II... il faudrait que je fasse un bandage, dit-elle.
Il acquiesça muettement, d’un hochement de tête. Il n’y avait aucun endroit où s’abriter, ni échoppe ni taverne, seulement l’entrée sombre d’un immeuble, fermée par une porte à laquelle Arius frappa sans succès. Le vent soufflait toujours plus fort, soulevant en rafales des nuages de poussière, et il aperçut au loin la forme de l’amphithéâtre, découpée par les éclairs. Il chercha quelque chose à dire, n’importe quoi.
Ta maîtresse. Elle sera en colère.
Thea le regarda comme si elle ne comprenait pas.
Ah... Oui. Mais... ça n’a pas d’importance. J’ai l’habitude.
Leurs bras se frôlèrent dans l’étroit passage, et ils s’écartèrent avec un sursaut. Elle se pencha pour réparer la lanière de sa sandale, sa tunique plaquée contre son corps mince.
Il vit son dos, la courbe souple de sa taille, et se détourna.
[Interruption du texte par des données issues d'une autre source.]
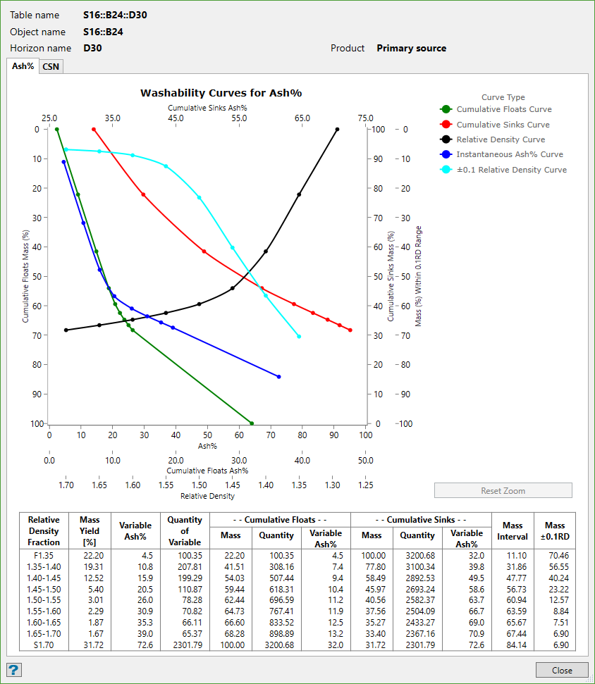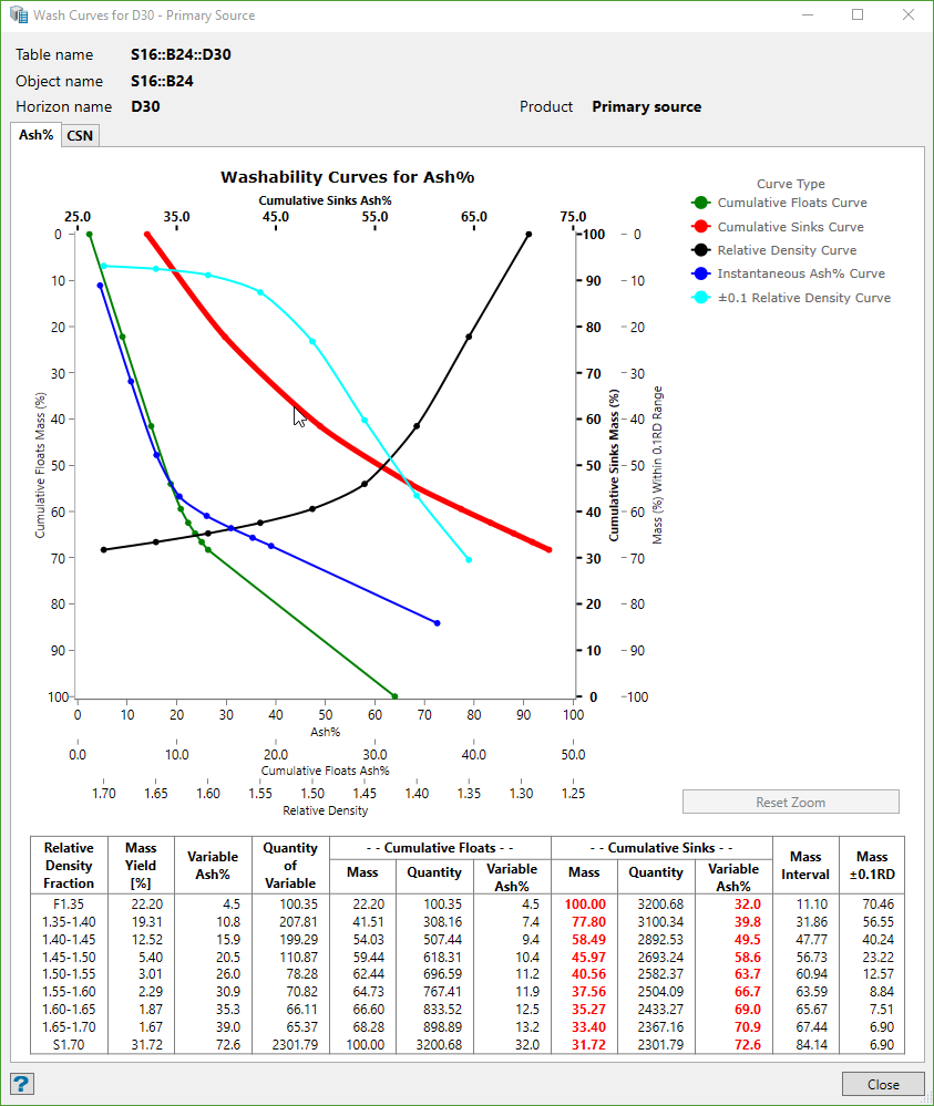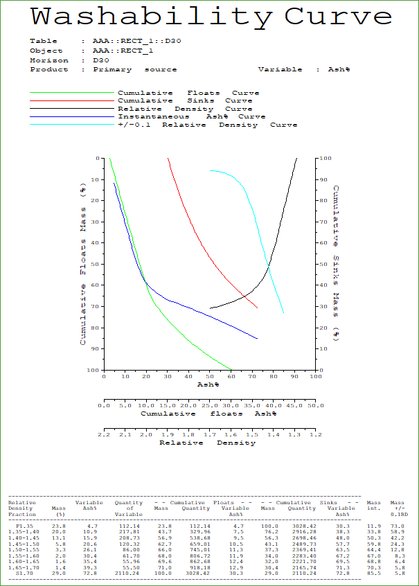 By default, the appearance of the product graphs will be the new Maptek Chart style Washability Curve graphs. You can also add username and date stamp to these graphs if you need to print them.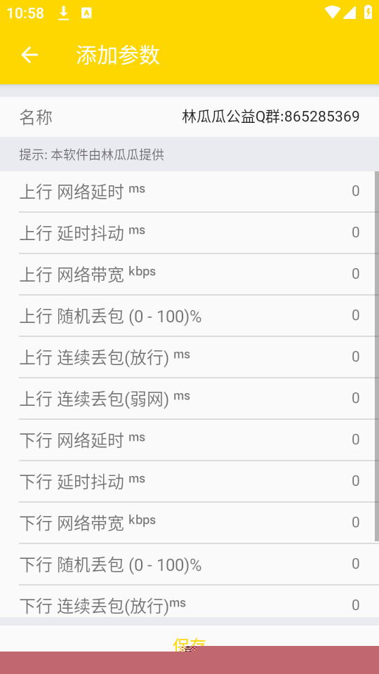 在主界面找到参数配置管理入口,进入后选择新增配置。为此配置命名,并详细设置带宽限制、网络延迟、丢包概率等参数,完成后保存即可在测试时选用此自定义方案。

Du coin de l’œil, il la vit déchirer adroitement une bande de tissu au bas de sa tunique et l’enrouler autour de son poignet blessé avant de l’attacher avec la cordelette qui retenait ses cheveux torsadés. Ils se déroulèrent dans son dos, tombant jusqu’à sa taille, et, lorsqu’elle pencha la tête, ils formèrent un rideau sombre qui lui cacha le visage. À travers ce rideau, il distinguait par instants son profil, son nez droit, sa bouche...
Il avança la main.
Ne lui fais pas de mal, fit une voix dans sa tête. Trop douce, trop implorante pour être celle du démon.
Il effleura de ses doigts l’extrémité des mèches noires. C’était comme s’il touchait de la soie, et cela avait l’odeur fraîche de la pluie qui vient. Il en prit une pleine poignée et les porta à sa bouche.
Elle tourna la tête vers lui, les yeux brillants d’un désir ardent et désespéré, et pourtant pleins de méfiance, et il sentit un grand désarroi l’envahir : il se souvenait des longues minutes pendant lesquelles, dans l’arène, il avait tenu contre lui un corps brisé dont la vie s’échappait, il se souvenait du flot de sang chaud, à la fin. Il revit la mort de l’amazone, elle avait pris la forme de Thea, et il faillit lui dire de s’en aller, de s’enfuir très vite, avant qu’il ne la tue elle aussi... Alors, elle se pencha vers lui, appuya la joue contre sa gorge, posa un baiser sur la veine qui battait derrière son oreille, et l’arène disparut, emportant le sang avec elle. Il lui saisit la main, la serra sauvagement. En sentant ses os craquer, il se rappela qu’il devait être doux. Il ne l’avait jamais été, avec personne. Du pouce, il caressa la courbe de ses lèvres, puis y posa sa bouche. Il sentit ces lèvres s’ouvrir sous les siennes, et un violent frisson de joie traversa tout son corps.
Appuyés au mur, ils se laissèrent glisser sur le sol et il lui fit un oreiller de son manteau sur le pavé. Elle lui caressa les cheveux tandis que son corps maladroit cherchait son chemin en elle. Il l’embrassa au creux de l’épaule, suivit des mains les courbes lisses de sa poitrine, l’arc flexible de son dos, et la sensation qui monta à sa gorge lui était si étrangère qu’il mit un moment à l’identifier comme le bonheur... Elle avait la peau douce et chaude, et il aurait voulu ne plus jamais toucher la poignée d’une épée.